6 points, SCA Band 2, 0.125 EFTSL
Postgraduate - Unit
Refer to the specific census and withdrawal dates for the semester(s) in which this unit is offered.
School of Mathematical Sciences
- First semester 2017 (Day)
Bayesian inference. Linear Gaussian models. Kalman filter. Maximum likelihood. Fischer information. Cramer-Rao bound. Supervised classification. Tree based methods. Support vector machines.
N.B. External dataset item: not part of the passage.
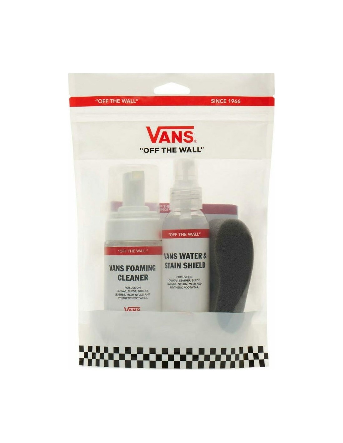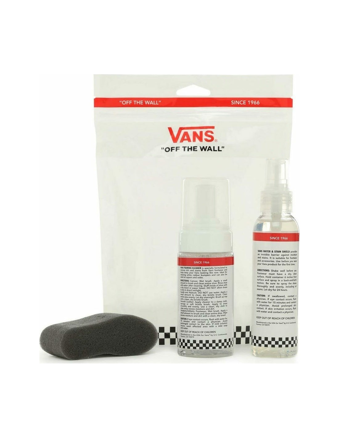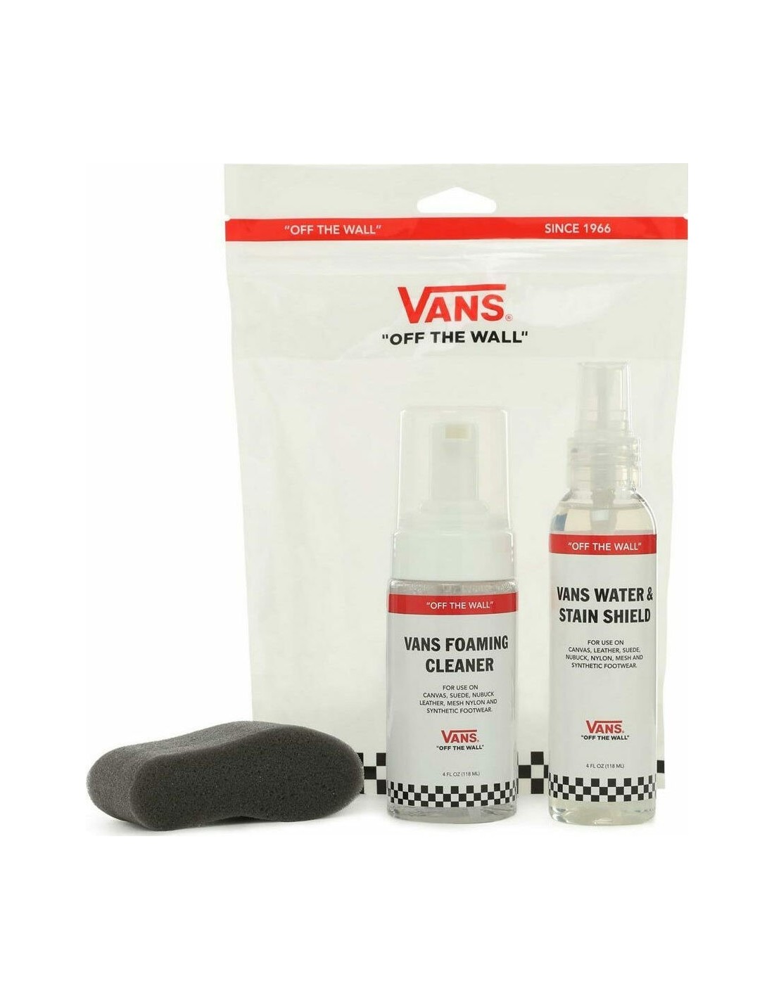 The Vans Shoe Care Canvas Kit features three Vans shoe care essentials in a resealable bag: the Water & Stain Shield, Foaming Cleaner, and a Vans shoe-shaped Shoe Sponge. The Vans Water & Stain Shield (118 ml) is specially formulated to provide an invisible barrier against moisture and stains, and is ideal for leather, suede, nubuck, cotton, canvas, and nylon footwear and accessories. The Vans Foaming Cleaner (118 ml) is specially formulated to remove dirt and stains from Vans footwear, keeping your Vans looking like new. It is ideal for cleaning white rubber bumpers and can also be used on uppers and soles. The Vans Shoe Sponge is a safe and effective way to remove stains and dirt. Used with the Foaming Cleaner, it is ideal for cleaning white rubber bumpers and can be used on uppers and soles.

Introduction to R.
On completion of this unit students will be able to:
- Develop specialised statistical knowledge and skills within the field of statistical learning.
- Understand the complex connections between specialised financial and mathematical concepts.
- Apply critical thinking to problems in statistical learning that relate to financial models.
- Apply estimation and calibration solving skills within the finance context.
- Formulate expert solutions to practical financial problems using specialised cognitive and technical skills within the fields of statistical learning.
- Communicate complex information in an accessible format to a non-mathematical audience.
Weekly homework: 10% + Assignments: 10% + Minor project: 10% + Examination: 70%
Two 1.5-hour lectures and one 1-hour tutorial per week
See also Unit timetable information
Only students enrolled in the Master of Financial Mathematics can enrol in this unit. Exceptions can be made with permission from the unit co-ordinator.